Сегодня капитан Савельев меня обрадовал. Я, соответственно, Махортова и Полевина. Агент сообщил, что завтра в Н-ске должно состояться мое чествование, вернее, не мое, а небезызвестного Левина. Все-таки он повысил себя в звании, присвоил себе подполковника. Братва радуется, ну а мы послушаем их торжественные речи. Седым выбран неприметный ресторан на самой окраине Н-ска. Самое интересное, что в нем зачастую собираются сотрудники местного УБОПа. Вот она, ленинская смычка между городом и деревней, а по-нынешнему – между криминалом и сотрудниками милиции. Ресторан – вот что объединяет их. А нам в этом случае неплохо послушать и одних, и других. Ведь хозяин злополучного кабака совсем недавно обратился в ФСБ с информацией о том, что его допекают и те и другие. Как в известном фильме: «Белые придут – грабят. Красные придут – грабят. Куда бедному крестьянину податься?» В ФСБ! И буквально вчера наше оперативно-техническое подразделение по заданию экономического отдела установило в этом ресторане видео– и аудиоаппаратуру. Так что съемки должны быть интересными и познавательными. Завтра их посмотрим и решим, что дальше делать.

Н-ск, территориальное управление ФСБ, 2 ноября 2002 года, 10 часов 22 минуты

Все в мире повторяется… Осень… Настоящая осень постепенно вступала в свои права, окропляя областной центр холодным моросящим дождем, который, словно насмехаясь над синоптиками вот, уже какие сутки лил, не переставая. Природа подобна женщине, которая любит наряжаться и демонстрировать из-под своих нарядов то изящную руку, то обнаженное бедро. Так она подает своим поклонникам некоторую надежду узнать ее когда-нибудь всю, нагую… В этот утренний час она была капризной и фригидной, норовящей больно обидеть пытавшихся скрыться под разноцветными зонтами одиноких прохожих.

Калинин любил такое время года, воспетую «унылую пору очей очарованья». Пронзающий холод и постоянная сырость не в счет. Ведь дома, в тепле они не ощущаются. Зато где-то внутри, в душе возникает предчувствие перемен к лучшему. Перемены – это самое естественное, что есть в мире. Жизнь не стоит на месте, она движется и постоянно изменяется. Некоторые боятся перемен и цепляются за прошлое, принося в жертву свое настоящее и будущее. Так что перемены нужны. Без них человек деградирует, останавливается в своем духовном развитии и, не видя перспектив, задумывается о смерти, которая непременно приходит. Осень – пора суицидов, как впрочем, и время новых возможностей.

В коридорах УФСБ было непривычно тихо. Контора без людей замирала, выглядела зловеще, особенно в полумраке так и не проснувшегося нового дня.

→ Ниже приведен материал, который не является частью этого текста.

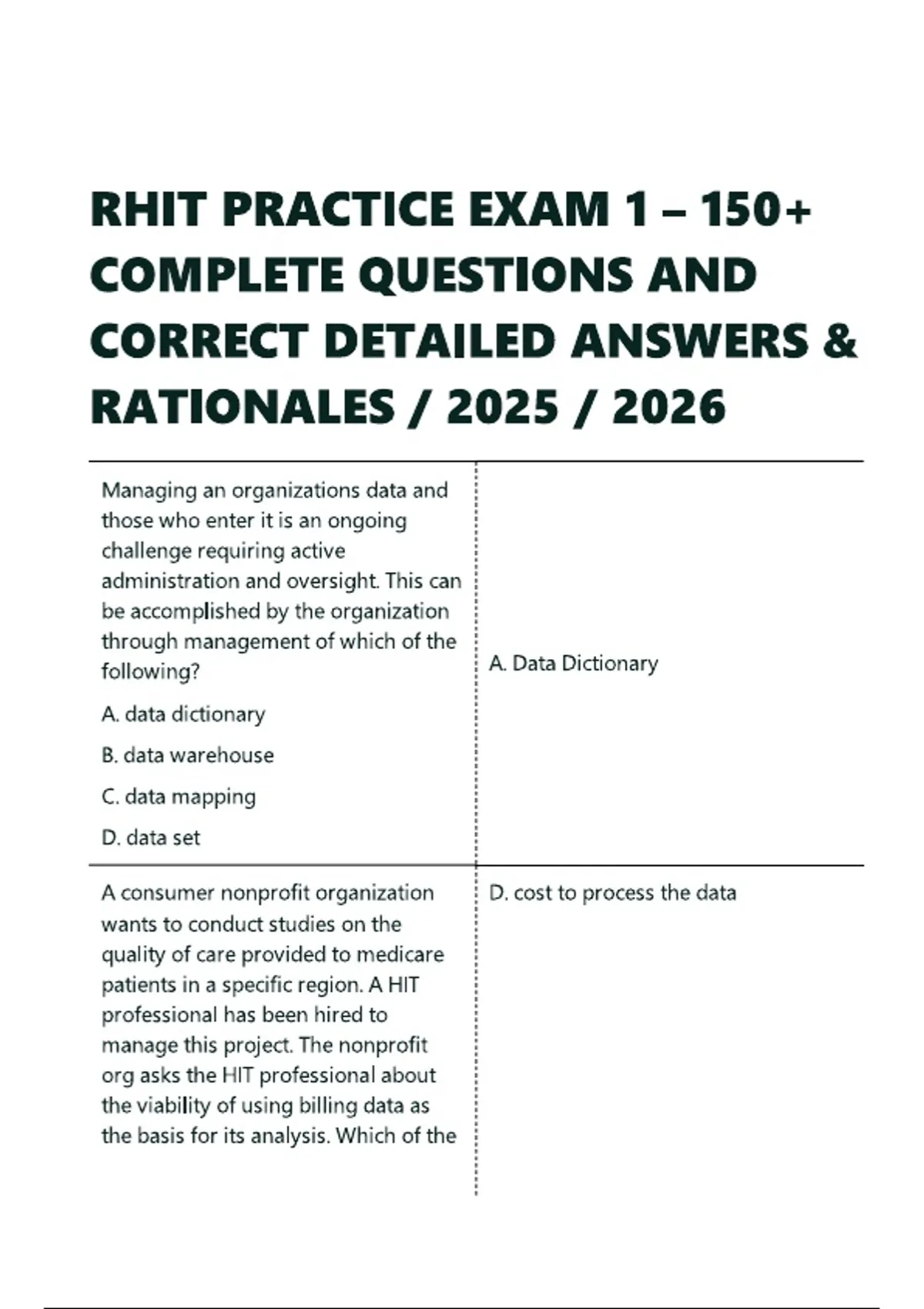 RHIT PRACTICE EXAM 1 – 150+ COMPLETE QUESTIONS AND CORRECT DETAILED ANSWERS & RATIONALES / 2025 / 2026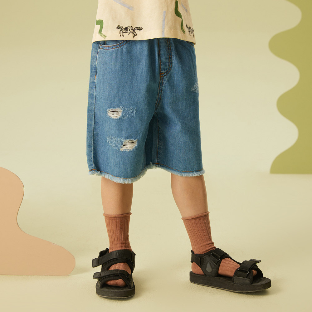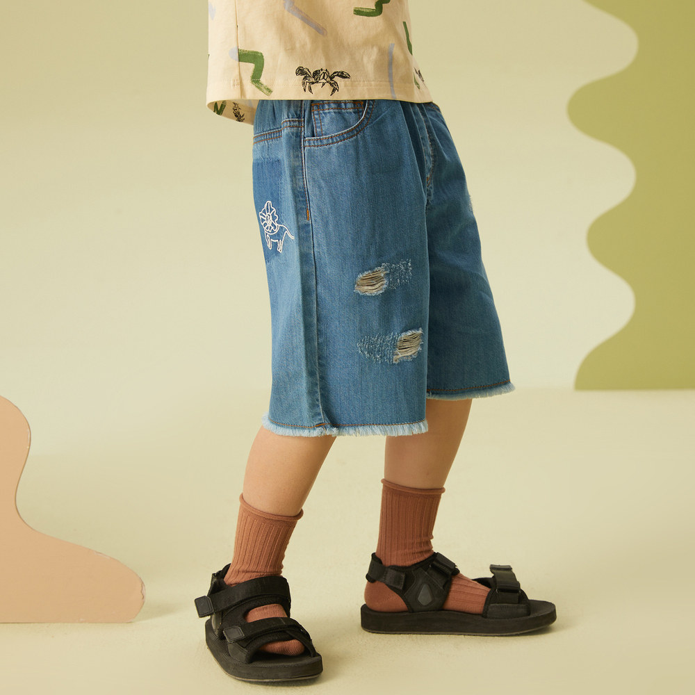 【设计师原创】moomoo童装男童直筒水洗牛仔裤夏新款凉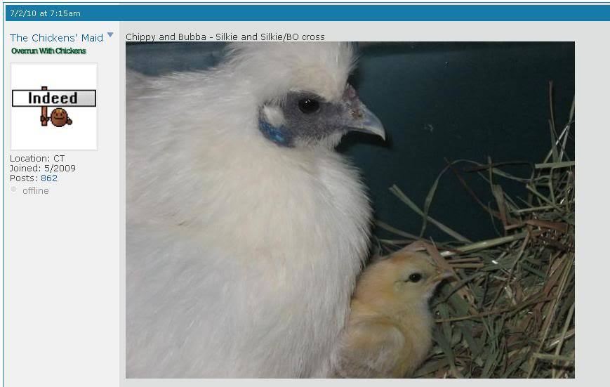 Bubba days old with white silkie mother

На полу рядом с кабинетом Махортова одиноко лежал раскрытый сырой зонт – верный признак того, что его хозяин находится где-то поблизости. Калинин не обманулся. Владимир Михайлович сидел за своим столом и увлеченно раскладывал на компьютере пасьянс. Увидев зашедшего в кабинет подполковника, он от неожиданности вздрогнул и, отложив занятие, спросил:

– Тебе что, Юрьевич, дома делать нечего? Чего приперся спозаранку?

– А вам, Владимир Михайлович? – парировал вопрос своего старшего товарища Калинин.

– Так я ж сегодня ответственный по управлению. Я сегодня человек подневольный…

– А у меня, Михайлович, сегодня праздник. Я свое звание обмываю.

Махортов с удивлением посмотрел на Калинина, словно на сумасшедшего, не понимая, шутит тот или говорит правду. Потом наконец-то собрался с мыслями и спросил:

– Какое такое звание ты обмываешь?

– А ты что, не в курсе?

– Нет, – Махортов отрицательно покрутил головой.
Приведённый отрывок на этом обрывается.